Now I know what you are thinking, it even crossed my mind a few times as I researched the project: does Fahey have to fight a vicious Ice-monster? Does Fahey surf the icy surface of the strip in prolonged combat with a heinous stalactite beast? Is Fahey relegated to having a fistfight with an anthropomorphic ice-pop?

The truth is I don’t know. But I can’t wait to find out; this is perhaps the most exciting of the coming Faheys. We can only hope that it’ll blast itself onto a bottom shelf somewhere as soon as possible. Rarely do such original premises materialize in the film industry, this is one of them. Although, admittedly, it does sound a tiny bit similar to that Dennis Quaid film from a few years back, what was it called? Oh yeah, Innerspace. Remember that scene where Martin Short gets half-frozen in the meat truck? What a great film that was.

A very interesting standout in the Fahey filmography is Diablita, which apparently is still being made in 2005. This shows just how much of a professional Fahey truly is, not even the passing of years can prevent him from doing his work.
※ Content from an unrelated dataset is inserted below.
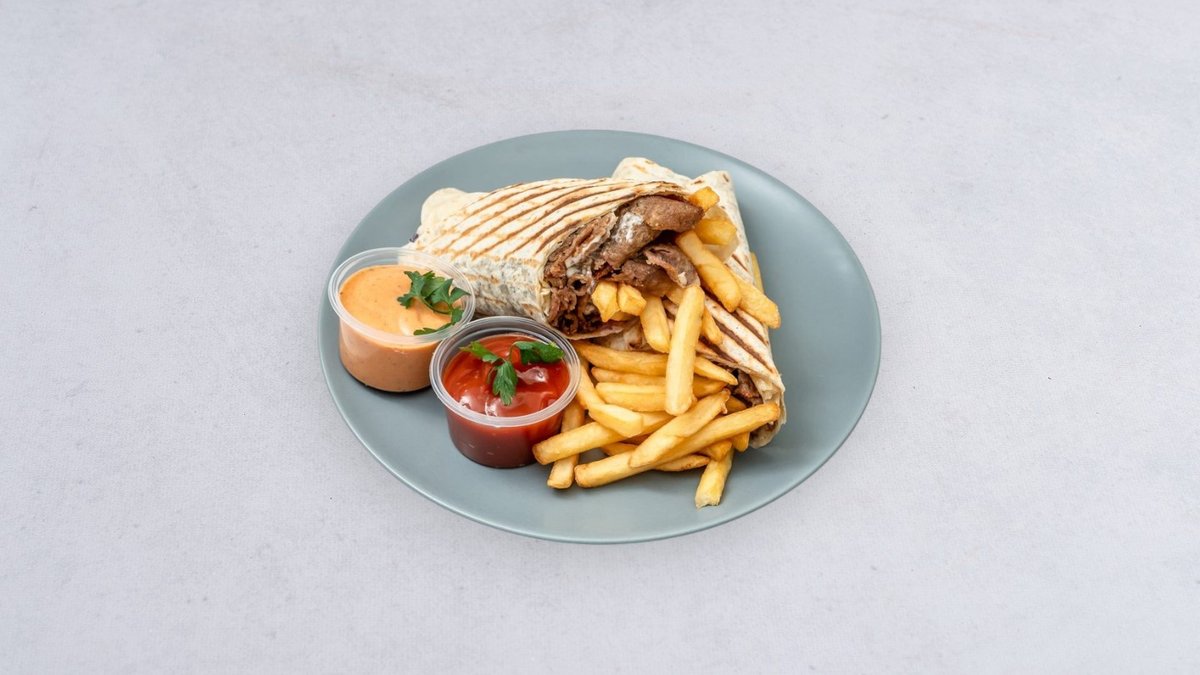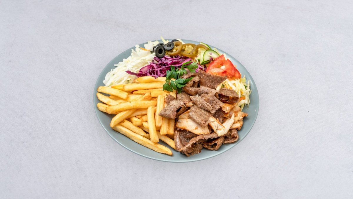 Mięso, surówka, frytki, sos

Well this flick concerns a screenwriter whose filmic idea is taken over by some rowdy execs and turned into a madcap escapade, lots of guns, fast cars, and, according to the website, it is “T&A laden.” Now on this last point, from browsing the production stills, I can verify that there are indeed some very pleasant ladies involved in said production.

And what of Fahey? He’s there, suited out and looking big. It’ll be a blockbuster for sure. This could be the big one for our Jeff. People mocked, people said to give up on Fahey, “move over to C. Thomas Howell,” they spouted, “he’s got a buncha new lower shelf fare and TV movies coming out for you to salivate over.” But no, Diablita will make The Lawnmower Man look like Darkhunters. Don’t be surprised to see Fahey swishing dollar bills in a wine glass next to Johnny Depp in a chic L.A nightclub this time next year.

I leave you with a reminder to never forget the wonderment and compassion of the man, he is an aegis for us all. Jeff Fahey is the cascading grass in Onibaba, the bare bosom of Emmanuelle Beart in Manon Des Sources, the use of the word “intercrural” in Will Self’s Greg Matter, and the cheeky, drug-addled grin of Jennifer Connelly in Requiem For A Dream all in one.


Anonymous Duke De Mondo said...

brilliant!!! brilliant brilliant brilliant!!! no hyperbole!! i laughed out loud, out the hell loud!! too many great lines to quote without copyin an pastin the whole damn thing! brilliant!